The beaches nearest to Setúbal are busy during summer months, especially at weekends. Raised walkways link these beaches to the harbour and marina areas, protecting the vulnerable dune flora. There are small cafés on the beaches and larger ones around the marina near the foot-passenger ferry.

There are beaches both facing the Atlantic (west) as well as the Sado River (east).

=== Marina of Troia ===
In the Marina of Troia, it is possible to board a boat and watch the dolphins that are present in the area. In the summer visitors can dive and swim with these animals.

=== Roman ruins ===
The Roman ruins of Tróia are a place that was occupied until the 6th century. Here the ancient people took advantage of the abundance of fish and salt in this area.

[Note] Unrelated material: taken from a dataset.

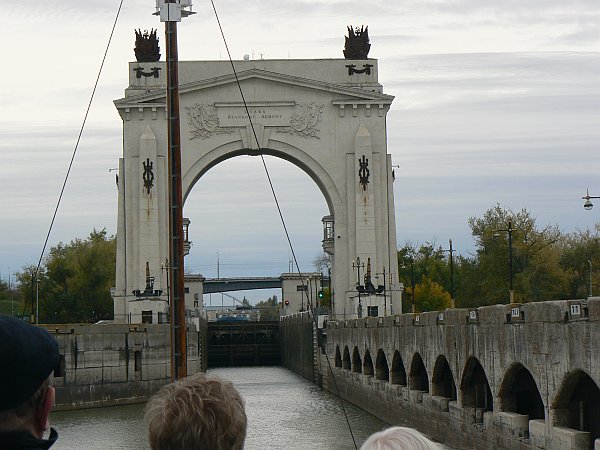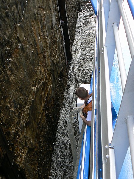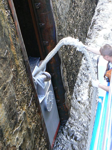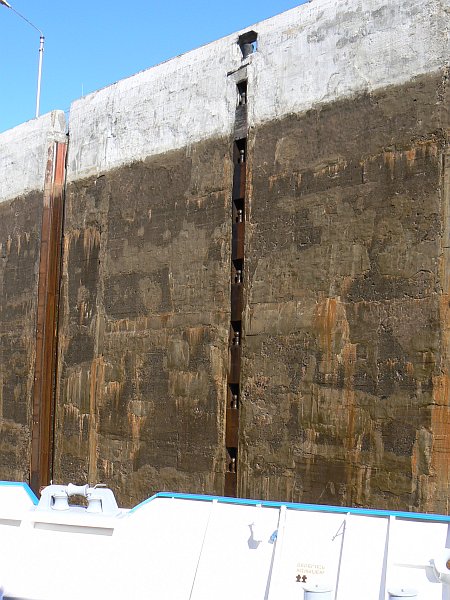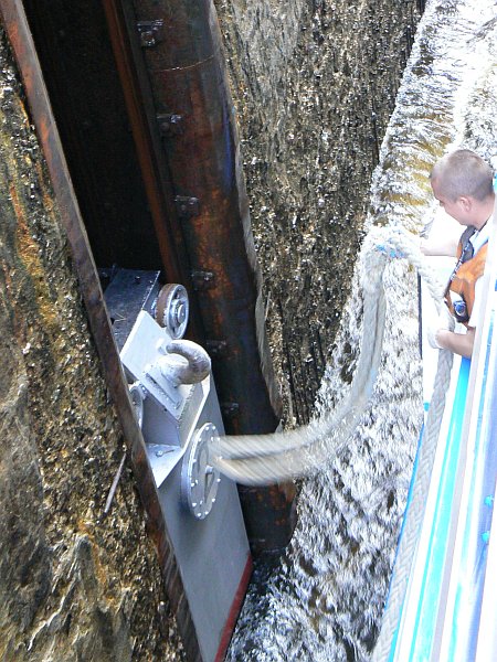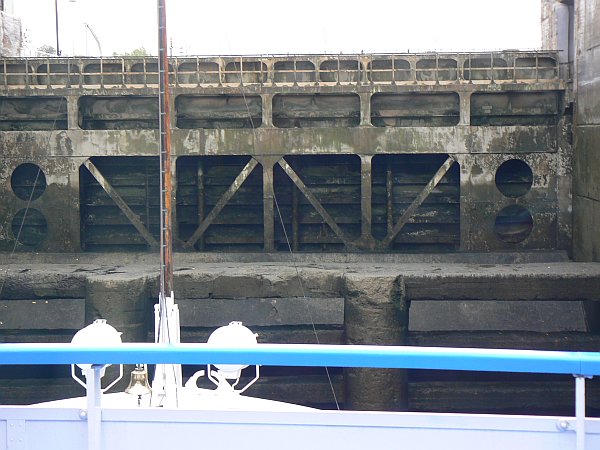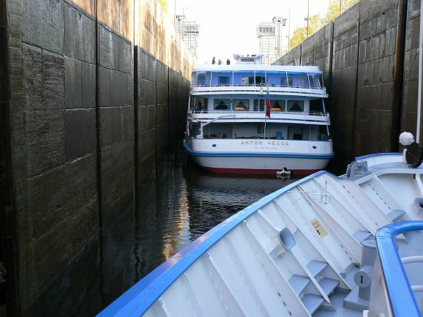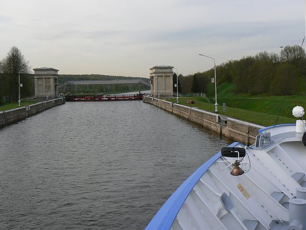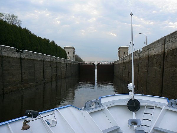 For the first 75 miles you are on the Moscow Canal which was built in 1937; it lowers you by 160 feet through 6 locks to the Volga River. The locks are wide enough for only a single ship, but easily long enough for two ships. There are floating hooks in the lockside for the ropes, but the remains of the original sets of bollards can often still be seen. The top gates are unusual in that they usually lie flat on the canal bed, and are rotated into an upright position once the ship has passed over them.

Nowadays it is possible to observe the ruins of the thermal baths with the rooms for hot and cold baths, the houses with 2 floors and necropolis of several kinds of graves.

=== Porto palafítico ===
The Porto palafítico is a unique harbor that was built in the 20th century. Resting on wood pillars driven into the mud, this harbor seems to move from the margin and moving inside the river.

The sea around the Tróia peninsula is also home to a school of bottlenose dolphins; boats from the marina and from Setúbal offer ½-day trips for dolphin-sighting.